— Пустяки, не отчаивайтесь, ведь это отнимает все силы! У вас еще целый день впереди, за день можно сделать очень многое! Порою достаточно одного часа, одной минуты, чтобы вмешалась судьба и обратила поражение в победу. — Воодушевившись, он прибавил: — Знаете что, пойдемте-ка в бальную залу. Это дивное зрелище.
Обменявшись нежным взглядом с Лизбетой, граф вместе с Пьером и Нарциссом начал с трудом пробиваться в соседнюю галерею; они двигались в тесной толпе, среди женских платьев, причесок, затылков, обнаженных плеч, от которых исходили пьянящая жизненная сила, аромат любви и смерти.
В несравненном великолепии перед ними развертывалась галерея, десяти метров в ширину, двадцати в длину, с восемью огромными окнами цельного стекла, выходящими на Корсо; свет, падавший из них, ярко озарял дома напротив. Семь пар огромных мраморных канделябров с гроздьями электрических ламп сверкали, как звезды; а наверху, вдоль карниза, тянулась восхитительная гирлянда разноцветных лампочек в форме огненных тюльпанов, пионов и роз. Старый, расшитый золотом бархат на стенах отсвечивал пламенем, вспыхивал, как раскаленные угли. На окнах и дверях висели старинные кружевные портьеры с узором в виде полевых цветов, вышитых пестрыми шелками. А под роскошным потолком с лепными золочеными розетками были развешаны несравненные сокровища, редкостная коллекция шедевров, не уступавшая иной картинной галерее. Тут были полотна Рафаэля, Тициана, Рембрандта и Рубенса, Веласкеса и Рибейры, знаменитые полотна, казавшиеся в этом необычайном освещении обновленными, юными, возродившимися к вечной жизни. Их величества должны были прибыть не раньше полуночи, и бал только что начался; пары кружились в вальсе, разлетались легкие ткани, в нарядной толпе сверкали и переливались ордена и драгоценности; мундиры, расшитые золотом, и платья, расшитые жемчугом, утопали в море бархата, шелков и атласа.
— Это поистине великолепно! — воскликнул Прада возбужденным тоном. — Пройдите сюда, мы опять станем в амбразуру окна. Нет лучшего места, если хочешь все видеть и не толкаться в тесноте.

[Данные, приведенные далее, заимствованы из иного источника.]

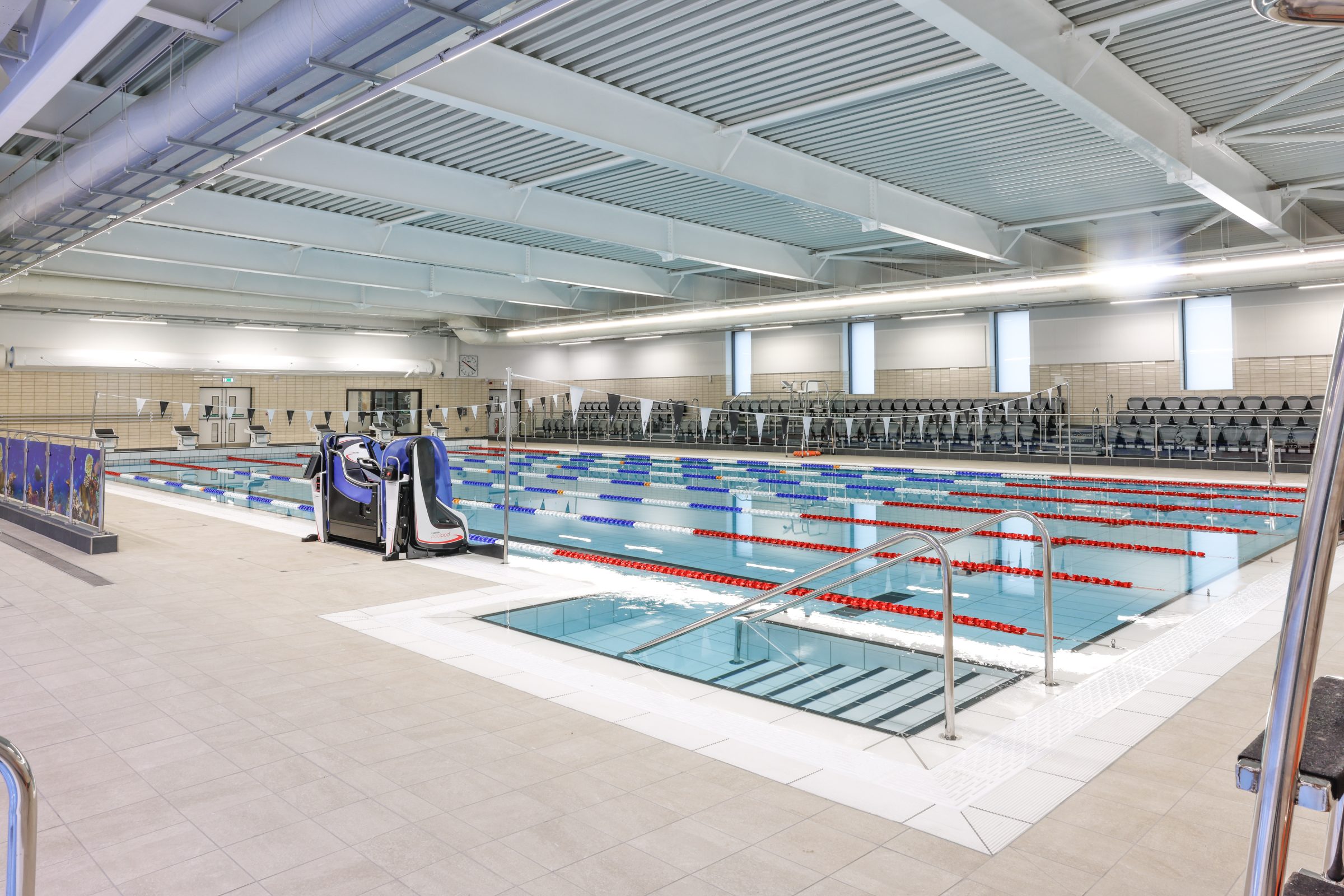 This new swimming pool facility, part of the wider Eston Leisure Centre, was completed 6 years after the previous pool has to close due to flooding of the subterranean plant room. BGP was responsible for all structural design and detailing of the steel framed structure and the many below ground water retaining concrete tanks associated with swimming pools. The facility provides a 6-lane 25 metre main pool with associated diving blocks ensuring the site can host competitions and galas. An 11x7m learner pool with sensory lighting will provide the perfect environment for the youngest of swimmers and is fully accessible with the equipment to ensure that is available for all.

Потеряв в толпе Нарцисса, Пьер с графом после долгих усилий протиснулись наконец к окну. Оркестр, размещенный на небольшом помосте в глубине, только что перестал играть, и танцоры, разгоряченные и одурманенные вальсом, медленно прохаживались среди все прибывавшей толпы, как вдруг все взгляды обратились к входной двери. Вошли новые гости. Впереди, опираясь на руку консисторского адвоката Морано, торжественно выступала донна Серафина в атласном платье, темно-красном, точно кардинальская мантия ее брата. Никогда еще она не затягивала так туго свою тонкую осиную талию, никогда еще ее суровое старушечье лицо с резкими морщинами, обрамленное седыми волосами, не казалось столь властным, непреклонным и самодовольным. По зале пробежал одобрительный шепот, все словно вздохнули с облегчением, ибо римское общество единодушно осуждало недостойное поведение Морано, порвавшего давнишнюю, тридцатилетнюю связь, к которой в свете привыкли, как к законному супружеству. Ходили слухи, что он постыдно увлекся молоденькой мещаночкой и нарочно затеял ссору с донной Серафиной из-за судебного процесса Бенедетты, который в то время считали проигранным. Разрыв длился около двух месяцев, к величайшему негодованию римского общества, где строго соблюдается культ верности и постоянства в любви. Поэтому все были растроганы примирением старых любовников — первым счастливым следствием процесса, выигранного в тот день в конрегации Собора. Раскаяние Морано, его появление на празднестве об руку с донной Серафиной обрадовало всех: стало быть, любовь победила, добрые нравы спасены, порядок восстановлен.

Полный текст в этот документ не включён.